Given information.
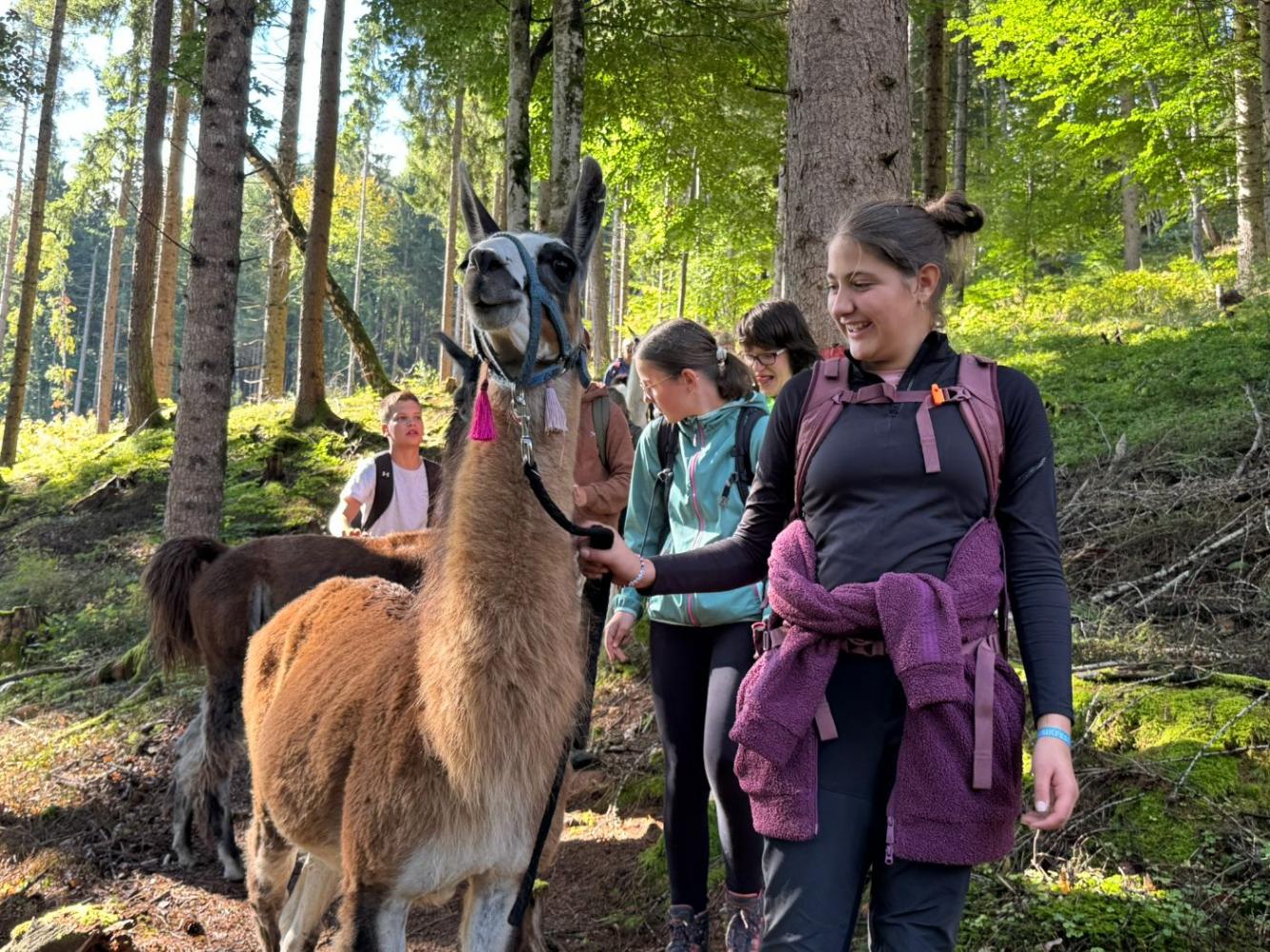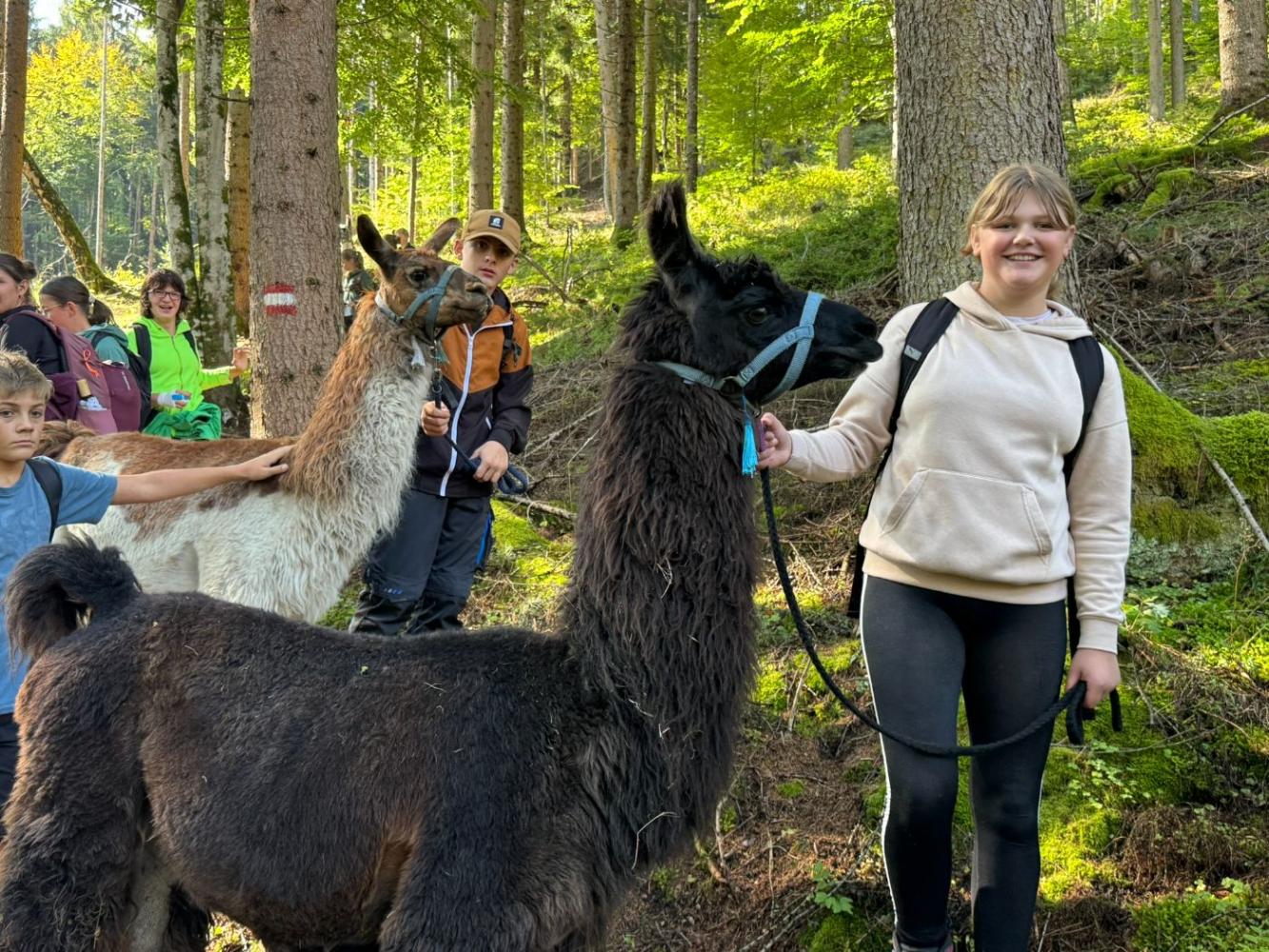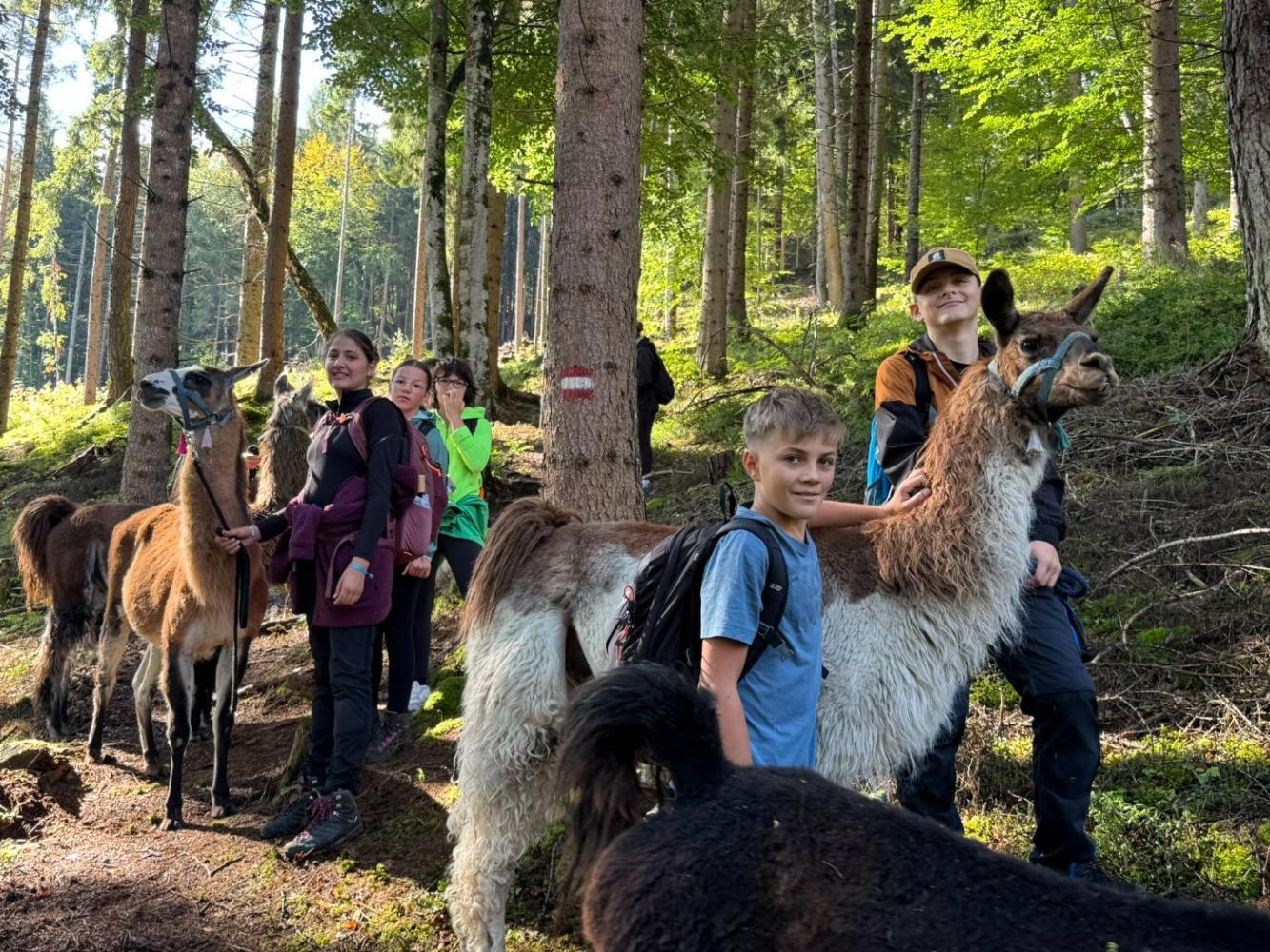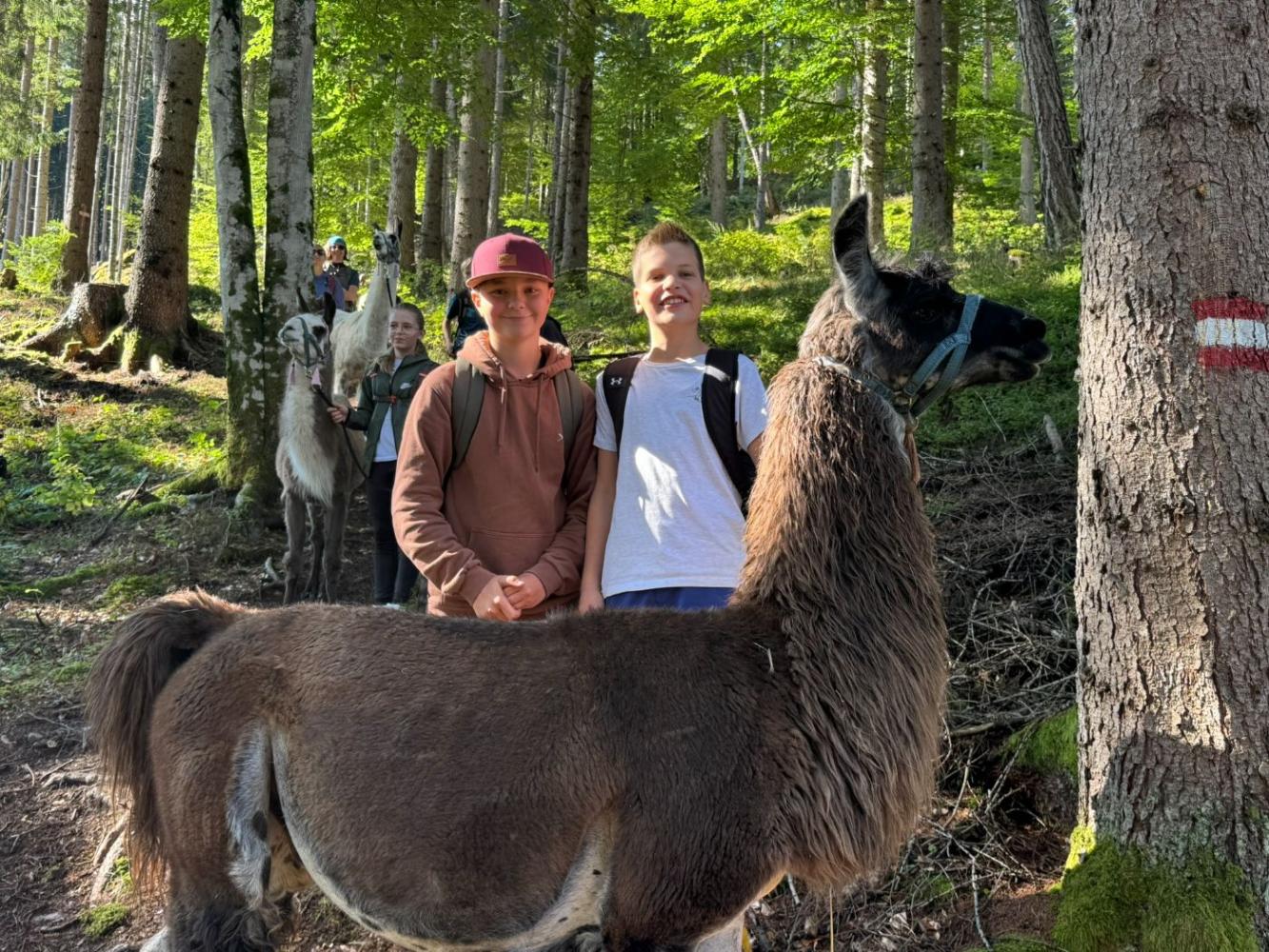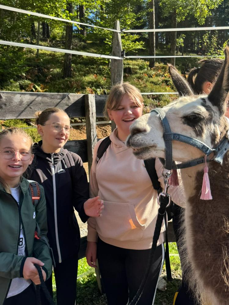 Die 3. Klassen starteten das heurige Schuljahr mit einem besonderen Ausflug, der sowohl die Teamarbeit innerhalb der Klassen als auch das Verantwortungsbewusstsein gegenüber Tieren stärken sollte. Mit dem Bus ging es nach Lienz, von wo die Schülerinnen und Schüler auf die Moosalm wanderten. Oben warteten schon zehn Lamas auf eine Wanderung. Nach einer kurzen Einschulung und einigen interessanten Informationen über die Tiere wurden die Lamas von den Schülerinnen und Schülern gehalftert und zu einem ausgiebigen Spaziergang ausgeführt. Sowohl die Kinder als auch die Lamas hatten dabei sichtlich Spaß und der anfängliche Respekt war bereits nach ein paar Metern verschwunden. Zum Abschluss machten die Schülerinnen und Schüler noch mit ihren Lamas ein kleines Wettrennen, bevor sie sich schweren Herzens wieder von ihnen verabschiedeten.
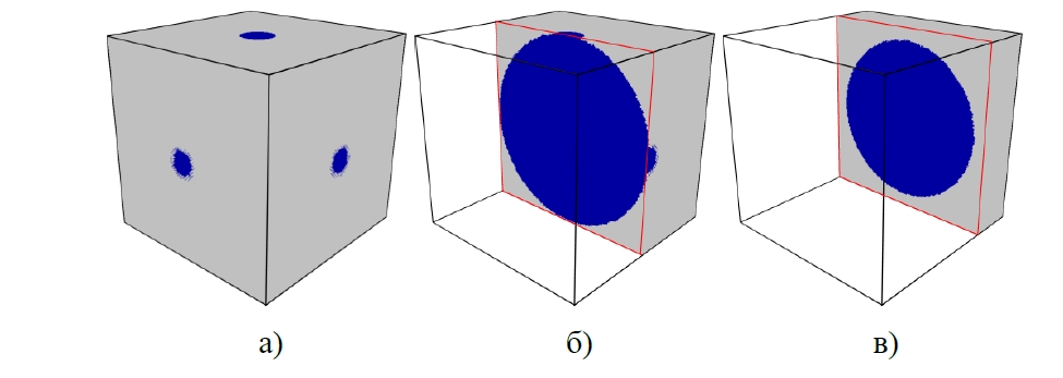 Результаты визуализации, полученные программой OVITO, отображены на рисунке 8 (фрагменты а и б). В центре фрагментов 8а и 8б отчетливо выделяется Ti-ядро. Геометрические формы и размеры Ti-ядра на всех фрагментах (а, б, в) практически совпадают и подобно расположены. Распределение интерметаллических фаз с номерами 3, 4, 5, 6 в виде сферических слоев (либо других структур) по фрагментам (а, б) рисунка 8 практически установить невозможно. Применяя предложенный метод 3D-распознавания интерметаллических фаз [12, 13, 14], на фрагменте 8в отчетливо распознаются сферические прослойки фаз 3, 4, 5, 6 (фаза 6 особенно выделяется). Поэтому пакет OVITO со встроенным Ackland-Jones анализом (другими словами, Bond-angle analysis – анализ по углу и длине связи) имеет ограничения по распознаванию интерметаллидов в структурах «ядро-оболочка».
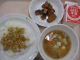 今日の給食 そぼろ丼 牛乳 大学いも 田舎汁 産地情報 しょうが 高知 に...

Exercise. Once the pictures are set aside, please reproduce the remaining material word for word.

Response.
 Die 3. Klassen starteten das heurige Schuljahr mit einem besonderen Ausflug, der sowohl die Teamarbeit innerhalb der Klassen als auch das Verantwortungsbewusstsein gegenüber Tieren stärken sollte. Mit dem Bus ging es nach Lienz, von wo die Schülerinnen und Schüler auf die Moosalm wanderten. Oben warteten schon zehn Lamas auf eine Wanderung. Nach einer kurzen Einschulung und einigen interessanten Informationen über die Tiere wurden die Lamas von den Schülerinnen und Schülern gehalftert und zu einem ausgiebigen Spaziergang ausgeführt. Sowohl die Kinder als auch die Lamas hatten dabei sichtlich Spaß und der anfängliche Respekt war bereits nach ein paar Metern verschwunden. Zum Abschluss machten die Schülerinnen und Schüler noch mit ihren Lamas ein kleines Wettrennen, bevor sie sich schweren Herzens wieder von ihnen verabschiedeten.
 Результаты визуализации, полученные программой OVITO, отображены на рисунке 8 (фрагменты а и б). В центре фрагментов 8а и 8б отчетливо выделяется Ti-ядро. Геометрические формы и размеры Ti-ядра на всех фрагментах (а, б, в) практически совпадают и подобно расположены. Распределение интерметаллических фаз с номерами 3, 4, 5, 6 в виде сферических слоев (либо других структур) по фрагментам (а, б) рисунка 8 практически установить невозможно. Применяя предложенный метод 3D-распознавания интерметаллических фаз [12, 13, 14], на фрагменте 8в отчетливо распознаются сферические прослойки фаз 3, 4, 5, 6 (фаза 6 особенно выделяется). Поэтому пакет OVITO со встроенным Ackland-Jones анализом (другими словами, Bond-angle analysis – анализ по углу и длине связи) имеет ограничения по распознаванию интерметаллидов в структурах «ядро-оболочка».
 今日の給食 そぼろ丼 牛乳 大学いも 田舎汁 産地情報 しょうが 高知 に...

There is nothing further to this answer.